The Director of the Specified School assisted the Tribunal with details of his school including its provision, class sizes, teaching staff and their training and knowledge. When discussing providing a 24 hour curriculum he stated that the residential staff “like to buy into aspects of the curriculum”.  He stated that it is important to deliver consistency for everything for young people.  His school provide an absolute focus on Autism. There is a place for the child at his school. He met with the child and his parents. He stated that his profile matches the school. The Director of the Specified School has visited the Current School on a number of occasions. He was complimentary about the school. He confirmed that the Head Teacher of the Current School and the Principle Educational Psychologist visited the school following upon the Placing Request. He stated that some children do not make the adjustment to his school, stating that it is a partnership between the child, parents and the Authority. The Specified School have had pupils from about 17/18 authorities.  He stated that he has worked with the Current School in the past and have shared pupils. He stated that he had the ‘highest regard’ for the school.  The Director of the Specified School accepted that structure is very important for the child who has spent many years now at the Current School. He further stated that ‘instability is critical.’  He argued that it is ‘critical not to move for the sake of it.’ He emphasised that a ‘big flashpoint is disruption and change,’ but also argued that this is a fact of life and would have to be prepared for. Disruption will have an impact but this would require to be managed. Support would be required for any transition in the child’s life.  The cost of the Specified School is £93,605 for a 39 week (195 school days) placement.  Travel would be on top of that. The Tribunal noted however that the parents expressed a willingness to carry out this element of travel if the placement is granted.  The Tribunal had careful regard to the papers in the bundle providing further information about the Specified School.

 

The Principle Educational Psychologist stated that the child requires considerable support. He has Autism. A supported placement is required for the child in her opinion. As part of a multi-agency approach the view has been formed, that the Current School meets the child’s needs well. She accepted that the child would require support in every aspect of his living- at home, at school and in the community. She concluded that he would require ‘support with every element of that.’ She visited the Specified School and was clearly impressed with the premises.  Whilst it is a purpose built provision, it would none the less be an environment he would require to adapt to. The Principle Educational Psychologist was of the view that it would be a ‘retrograde step’ for the child to move. She argued that the Current School would be more stimulating. The Specified School is a quiet environment.

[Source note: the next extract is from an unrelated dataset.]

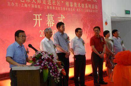 7月19日,校党委书记陆建非参加了在刚泰美术馆举行的上海市首届市民文化节中国画院名家作品展暨"艺术大师走进社区"刚泰美术馆系列活动开幕式并剪彩。开幕式结束后,陆建非在美术学院院长俞晓夫的陪同下饶有兴趣地参观了画展。美术学院二十多位专业教师也参加了此次活动。

She stated that the child enjoys the Current School and she would want him to ‘build on this….we want him to cope with demands’. She stated that the child’s body is changing and she was concerned with him changing in any event.  The Principle Educational Psychologist argued forcibly that the child should remain within his own community and build on the good relationships he has successfully built up. There is now expertise and special knowledge within the school about the child.  The Principle Educational Psychologist accepted that the Specified School is a quality educational establishment. That having been said it did not automatically follow that a placement there would be in the best interests of the child.  The annual cost of the Current School is £25034 with the additional cost of transport. The Principle Educational Psychologist advised the Tribunal that she had been Specialised Principal in Autism for two and half years in another Authority.  She has been an Educational Psychologist since 1977 dealing with every kind of additional support needs.

 

We return to the evidence of the parents. We understand they have been considering and looking at other schools for several years for the child.  They have concluded that the child would benefit from the Specified School.  The Appellant however when invited to express her concerns about the Current School she stated it is a great school, great staff, and it is within the community.  She stated that the child benefited a lot in primary school, especially from the nursery provision.  She stated there was now stagnation. He was not progressing. She stated that he was bringing nothing home from the school but did bring home skills from the Respite Centre – he likes cheese toasties now… in her words that was ‘wonderful’!  The Appellant said her son has so much more to offer.  The child’s potential is not being realised.   She accepted that the child is ‘relaxed and comfortable’ in the Current School. She argued that the child requires specialist input to realise that potential. The father stated that ‘Complacency has settled in here’.  The Appellant confirmed that in recent weeks things have been a lot better at home.  The child enjoys time alone with his parents. The Appellant recalled as recent experience where the child enjoyed kissing, cuddling and hugging her. She talked of the future and her plans for the child and his brother.  The father argued that whilst the Specified School is indeed a new community setting for the child, he will continue his current community life with his parents. The father was clear in his view that the Current School is not doing anything at all for his son.  He stated that the Authority is offering nothing which would, in his opinion, improve the situation.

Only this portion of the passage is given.